III. PERSONAL DATA PROVIDED BY THE USER

III. A. ORDER COMPLETION

  1. The administrator processes personal data for the following purposes:
  1. conclusion of a contract for the provision of electronic services (in accordance with the Act of 18 of July 2002 on the provision of electronic services, i.e. Journal of Laws of 2020, item 344, hereinafter: "uśude"), including enabling the use of the services and functionalities of the online store available at https://spark-shop.com (legal basis - Article 6(1)(b) of the GDPR) - "performance of the contract",
  2. conclusion and implementation of the sales contract (legal basis - Article 6(1)(b) of the GDPR) - "performance of the contract",
  3. communication on matters related to the correct implementation of the sales contract (legal basis - Article 6 section 1 letter f of the GDPR) - "legitimate interest",
  4. performance of legal obligations incumbent on the Administrator, e.g. financial settlements and accounting reporting, including issuing and storing invoices (legal basis - Article 6 sec. 1 letter c of the GDPR) - "legal obligation",
  5. to respond to complaints - (legal basis - Article 6 paragraph 1 letter f of the GDPR and Article 6 paragraph 1 letter c of the GDPR),
  6. pursuing claims arising from the contract (legal basis - Article 6(1)(f) of the GDPR) - "legitimate interest"; the deadlines for pursuing claims under the contract are specified in detail in the Civil Code,
  7. verification of the quality of services provided in connection with the concluded contract (legal basis - Article 6(1)(f) of the GDPR) - "legitimate interest".
  1. The administrator may process personal data of users of the Online Store necessary to conclude and perform the contract, in particular:
  1. name,
  2. name,
  3. name,
  4. email address,
  5. telephone number,
  6. order delivery address,
  7. IP address,
  8. and other data provided by the user.
  1. The administrator has the right to process personal data for the period necessary to implement the above-mentioned purposes.

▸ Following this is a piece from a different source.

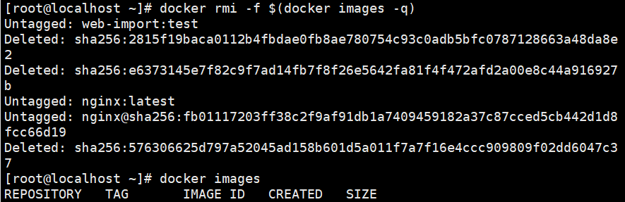 删除所有镜像:`docker rmi -f $(docker images -q)`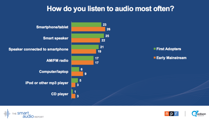 The report queried respondents about listening habits, and 25 percent of First Adopters said that smart speakers were the primary device they use to listen, compared to 17 percent who favor AM/FM radio and 23 percent who use either their smartphone or tablet most often. Among Early Mainstreamers, the most popular option is actually the smartphone/tablet at 26 percent, followed by smart speakers at 22 percent, and AM/FM radio at 17 percent.

Depending on the legal basis, it will be:
  1. the time necessary to perform the contract,
  2. the time for performing legal obligations and the time in which the law requires data to be stored , e.g. tax regulations,
  3. period after which claims arising from the contract expire,
  4. time until objections are expressed
  1. Providing data to the extent that the processing of personal data takes place in order to conclude and perform a contract with the Administrator is voluntary, but necessary to conclude a sales contract and its performance. The consequence of not providing personal data will be the inability to conclude and perform the contract.

III. B. CUSTOMER ACCOUNT

  1. The administrator processes personal data for the following purposes:
  1. concluding a contract for the provision of electronic services (in accordance with the act), including registering and maintaining a free user account on the Website and enabling the use of services available to registered users (e.g. adding products to the wish list, adding opinions on products purchased in the online store) (legal basis - Article 6(1)(b) of the GDPR) - "performance of the contract",
  2. pursuing claims arising from the contract (legal basis - Article 6(1)(f) of the GDPR) - "legitimate interest"; the deadlines for pursuing claims under the contract are specified in detail in the Civil Code,
  3. verification of the quality of services provided in connection with the concluded contract (legal basis - Article 6(1)(f) of the GDPR) - "legitimate interest",
  4. handling complaints related to the provision of electronic services (legal basis - Article 6(1)(f) of the GDPR) - "legitimate interest",
  5. implementation of direct marketing, including sending information about new products and promotional offers of the Administrator and offers of third parties (e.g. business partners) cooperatingch with the Administrator, in particular via PUSH notifications displayed to logged-in users (legal basis - Article 6(1)(f) of the GDPR) - "legitimate interest".
  1. The administrator processes personal data in order to maintain the account, in particular:
  1. name,
  2. surname,
  3. e-mail address,
  4. telephone number,
  5. IP address.
  1. The administrator has the right to process personal data for the period necessary to achieve the above-mentioned purposes. Depending on the legal basis, it will be respectively:
  1. the time necessary to perform the contract;
  2. the time for performing legal obligations and the time in which the law requires the storage of data ;
  3. the time after which the claims arising from the contract expire;
  4. the time until the objection is expressed.
  1. Providing the data indicated above personal data is voluntary, but necessary to conclude a contract, including registration and maintenance of a customer account, and the use of
    functionalities available to registered users.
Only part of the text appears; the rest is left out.